Where the listing below reaches the line containing "Asilah Morocco White", start writing out lines exactly, and stop once the line containing "Each sconce features" has been written.

● **Source material**
---

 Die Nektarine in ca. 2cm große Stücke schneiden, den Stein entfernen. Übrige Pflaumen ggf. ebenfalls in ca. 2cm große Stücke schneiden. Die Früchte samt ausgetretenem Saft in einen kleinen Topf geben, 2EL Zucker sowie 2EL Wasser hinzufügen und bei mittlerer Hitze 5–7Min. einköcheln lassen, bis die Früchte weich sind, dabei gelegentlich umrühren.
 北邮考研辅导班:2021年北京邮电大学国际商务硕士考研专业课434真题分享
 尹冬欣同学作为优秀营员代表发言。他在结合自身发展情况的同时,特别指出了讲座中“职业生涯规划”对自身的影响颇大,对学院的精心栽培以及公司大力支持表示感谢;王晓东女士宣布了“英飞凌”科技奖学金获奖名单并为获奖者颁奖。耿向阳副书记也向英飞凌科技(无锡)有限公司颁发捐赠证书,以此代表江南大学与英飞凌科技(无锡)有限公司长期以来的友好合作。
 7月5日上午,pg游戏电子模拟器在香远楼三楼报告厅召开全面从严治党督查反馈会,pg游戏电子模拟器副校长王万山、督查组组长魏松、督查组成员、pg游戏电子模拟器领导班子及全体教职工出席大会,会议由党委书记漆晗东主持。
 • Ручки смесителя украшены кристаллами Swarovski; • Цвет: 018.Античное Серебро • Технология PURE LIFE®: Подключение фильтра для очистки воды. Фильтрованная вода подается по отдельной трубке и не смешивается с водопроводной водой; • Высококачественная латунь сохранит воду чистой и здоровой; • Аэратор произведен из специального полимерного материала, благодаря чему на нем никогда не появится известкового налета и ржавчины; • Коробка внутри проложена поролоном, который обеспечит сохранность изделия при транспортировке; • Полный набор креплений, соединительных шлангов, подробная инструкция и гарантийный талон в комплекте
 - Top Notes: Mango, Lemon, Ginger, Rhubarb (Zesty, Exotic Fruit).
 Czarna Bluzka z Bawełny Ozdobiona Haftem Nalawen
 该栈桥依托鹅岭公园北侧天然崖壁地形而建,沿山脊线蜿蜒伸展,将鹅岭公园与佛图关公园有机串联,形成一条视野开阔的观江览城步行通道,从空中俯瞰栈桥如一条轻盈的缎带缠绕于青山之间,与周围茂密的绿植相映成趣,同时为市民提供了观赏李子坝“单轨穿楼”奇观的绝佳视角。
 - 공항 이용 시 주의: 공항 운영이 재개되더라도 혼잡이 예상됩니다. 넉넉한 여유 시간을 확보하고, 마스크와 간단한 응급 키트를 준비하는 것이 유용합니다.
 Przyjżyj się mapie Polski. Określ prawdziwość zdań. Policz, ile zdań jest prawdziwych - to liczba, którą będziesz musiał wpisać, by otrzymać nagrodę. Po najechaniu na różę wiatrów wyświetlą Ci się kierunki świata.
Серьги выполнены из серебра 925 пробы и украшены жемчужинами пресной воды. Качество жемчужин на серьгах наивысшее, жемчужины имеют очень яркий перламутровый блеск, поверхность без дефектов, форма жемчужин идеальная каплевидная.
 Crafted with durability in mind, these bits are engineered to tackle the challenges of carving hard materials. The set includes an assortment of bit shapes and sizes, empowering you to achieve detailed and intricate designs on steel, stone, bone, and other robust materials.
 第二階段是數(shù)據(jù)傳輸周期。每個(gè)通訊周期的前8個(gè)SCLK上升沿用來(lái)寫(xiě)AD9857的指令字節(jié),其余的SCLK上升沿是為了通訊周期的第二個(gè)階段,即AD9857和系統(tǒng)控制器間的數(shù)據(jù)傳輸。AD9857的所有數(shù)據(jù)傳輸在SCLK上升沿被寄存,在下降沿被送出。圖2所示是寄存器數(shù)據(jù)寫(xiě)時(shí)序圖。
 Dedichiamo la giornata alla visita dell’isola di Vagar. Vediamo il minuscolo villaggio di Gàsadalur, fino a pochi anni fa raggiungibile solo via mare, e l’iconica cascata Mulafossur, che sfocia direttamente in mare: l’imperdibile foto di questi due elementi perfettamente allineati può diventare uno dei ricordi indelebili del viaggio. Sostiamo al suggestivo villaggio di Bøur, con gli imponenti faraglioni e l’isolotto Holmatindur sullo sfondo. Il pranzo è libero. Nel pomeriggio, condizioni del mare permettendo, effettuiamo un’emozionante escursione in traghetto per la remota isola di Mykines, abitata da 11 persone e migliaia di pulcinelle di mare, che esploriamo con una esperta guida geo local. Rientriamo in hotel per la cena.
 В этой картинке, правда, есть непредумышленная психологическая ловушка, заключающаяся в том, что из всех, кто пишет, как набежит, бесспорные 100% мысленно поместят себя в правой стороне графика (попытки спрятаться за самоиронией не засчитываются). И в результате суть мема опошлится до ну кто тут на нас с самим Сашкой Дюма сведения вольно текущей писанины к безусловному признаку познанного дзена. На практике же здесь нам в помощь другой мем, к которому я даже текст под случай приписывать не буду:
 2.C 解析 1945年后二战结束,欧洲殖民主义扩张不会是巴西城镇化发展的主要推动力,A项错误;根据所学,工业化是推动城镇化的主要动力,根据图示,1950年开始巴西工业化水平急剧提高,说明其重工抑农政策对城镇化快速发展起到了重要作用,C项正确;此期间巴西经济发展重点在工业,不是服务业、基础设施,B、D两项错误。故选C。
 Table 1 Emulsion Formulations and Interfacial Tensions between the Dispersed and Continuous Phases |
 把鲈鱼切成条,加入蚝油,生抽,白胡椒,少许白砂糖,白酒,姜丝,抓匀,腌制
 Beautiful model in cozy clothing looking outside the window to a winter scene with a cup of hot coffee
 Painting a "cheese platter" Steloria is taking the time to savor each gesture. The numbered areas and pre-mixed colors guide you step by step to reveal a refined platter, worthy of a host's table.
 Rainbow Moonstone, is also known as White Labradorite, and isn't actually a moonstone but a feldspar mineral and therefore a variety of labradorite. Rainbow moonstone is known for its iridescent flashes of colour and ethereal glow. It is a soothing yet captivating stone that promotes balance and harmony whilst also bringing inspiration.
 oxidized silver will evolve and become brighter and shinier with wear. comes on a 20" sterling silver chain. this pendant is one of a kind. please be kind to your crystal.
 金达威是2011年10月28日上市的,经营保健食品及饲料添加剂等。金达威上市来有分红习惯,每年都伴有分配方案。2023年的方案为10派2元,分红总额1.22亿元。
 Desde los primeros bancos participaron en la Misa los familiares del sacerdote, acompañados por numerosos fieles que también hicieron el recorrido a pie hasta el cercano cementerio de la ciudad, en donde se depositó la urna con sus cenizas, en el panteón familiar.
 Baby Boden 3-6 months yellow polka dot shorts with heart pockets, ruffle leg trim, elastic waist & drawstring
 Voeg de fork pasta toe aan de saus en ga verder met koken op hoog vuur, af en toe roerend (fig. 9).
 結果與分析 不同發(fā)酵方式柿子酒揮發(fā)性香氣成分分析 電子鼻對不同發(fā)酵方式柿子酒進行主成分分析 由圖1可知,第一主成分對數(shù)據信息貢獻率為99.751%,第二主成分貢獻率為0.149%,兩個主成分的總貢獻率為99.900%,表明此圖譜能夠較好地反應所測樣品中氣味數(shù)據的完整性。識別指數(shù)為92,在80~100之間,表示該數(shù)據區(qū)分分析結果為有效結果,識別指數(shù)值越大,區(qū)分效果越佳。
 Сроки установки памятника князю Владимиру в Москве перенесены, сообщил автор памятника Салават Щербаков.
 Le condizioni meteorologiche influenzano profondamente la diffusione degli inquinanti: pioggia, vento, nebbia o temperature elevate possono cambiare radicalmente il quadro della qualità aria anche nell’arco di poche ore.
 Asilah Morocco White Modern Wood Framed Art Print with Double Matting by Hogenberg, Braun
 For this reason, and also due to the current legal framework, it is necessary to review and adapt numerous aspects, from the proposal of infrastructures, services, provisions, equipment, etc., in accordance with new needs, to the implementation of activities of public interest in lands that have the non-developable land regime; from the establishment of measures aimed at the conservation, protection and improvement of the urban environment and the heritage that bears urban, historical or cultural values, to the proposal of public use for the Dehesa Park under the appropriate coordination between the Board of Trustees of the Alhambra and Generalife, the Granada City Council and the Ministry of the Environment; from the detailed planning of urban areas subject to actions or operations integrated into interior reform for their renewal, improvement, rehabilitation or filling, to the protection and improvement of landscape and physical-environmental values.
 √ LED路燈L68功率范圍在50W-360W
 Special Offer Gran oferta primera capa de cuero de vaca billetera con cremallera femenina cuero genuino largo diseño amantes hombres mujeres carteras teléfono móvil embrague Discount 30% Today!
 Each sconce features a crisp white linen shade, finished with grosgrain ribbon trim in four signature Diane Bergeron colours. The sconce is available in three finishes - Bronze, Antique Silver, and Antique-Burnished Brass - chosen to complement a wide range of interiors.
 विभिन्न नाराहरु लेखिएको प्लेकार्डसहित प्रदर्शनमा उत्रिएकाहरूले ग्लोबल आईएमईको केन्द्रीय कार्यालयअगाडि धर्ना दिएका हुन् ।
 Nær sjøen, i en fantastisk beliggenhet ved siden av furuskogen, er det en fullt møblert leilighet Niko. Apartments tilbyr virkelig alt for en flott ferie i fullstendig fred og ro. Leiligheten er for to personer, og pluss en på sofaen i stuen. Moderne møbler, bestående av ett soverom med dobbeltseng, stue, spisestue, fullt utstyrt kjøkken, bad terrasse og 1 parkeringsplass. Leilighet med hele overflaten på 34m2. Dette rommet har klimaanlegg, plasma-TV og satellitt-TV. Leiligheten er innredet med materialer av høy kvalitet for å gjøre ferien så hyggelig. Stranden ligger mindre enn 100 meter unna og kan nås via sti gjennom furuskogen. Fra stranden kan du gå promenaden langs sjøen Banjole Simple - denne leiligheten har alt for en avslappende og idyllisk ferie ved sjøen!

---

● **Your response**
 Asilah Morocco White Modern Wood Framed Art Print with Double Matting by Hogenberg, Braun
 For this reason, and also due to the current legal framework, it is necessary to review and adapt numerous aspects, from the proposal of infrastructures, services, provisions, equipment, etc., in accordance with new needs, to the implementation of activities of public interest in lands that have the non-developable land regime; from the establishment of measures aimed at the conservation, protection and improvement of the urban environment and the heritage that bears urban, historical or cultural values, to the proposal of public use for the Dehesa Park under the appropriate coordination between the Board of Trustees of the Alhambra and Generalife, the Granada City Council and the Ministry of the Environment; from the detailed planning of urban areas subject to actions or operations integrated into interior reform for their renewal, improvement, rehabilitation or filling, to the protection and improvement of landscape and physical-environmental values.
 √ LED路燈L68功率范圍在50W-360W
 Special Offer Gran oferta primera capa de cuero de vaca billetera con cremallera femenina cuero genuino largo diseño amantes hombres mujeres carteras teléfono móvil embrague Discount 30% Today!
 Each sconce features a crisp white linen shade, finished with grosgrain ribbon trim in four signature Diane Bergeron colours. The sconce is available in three finishes - Bronze, Antique Silver, and Antique-Burnished Brass - chosen to complement a wide range of interiors.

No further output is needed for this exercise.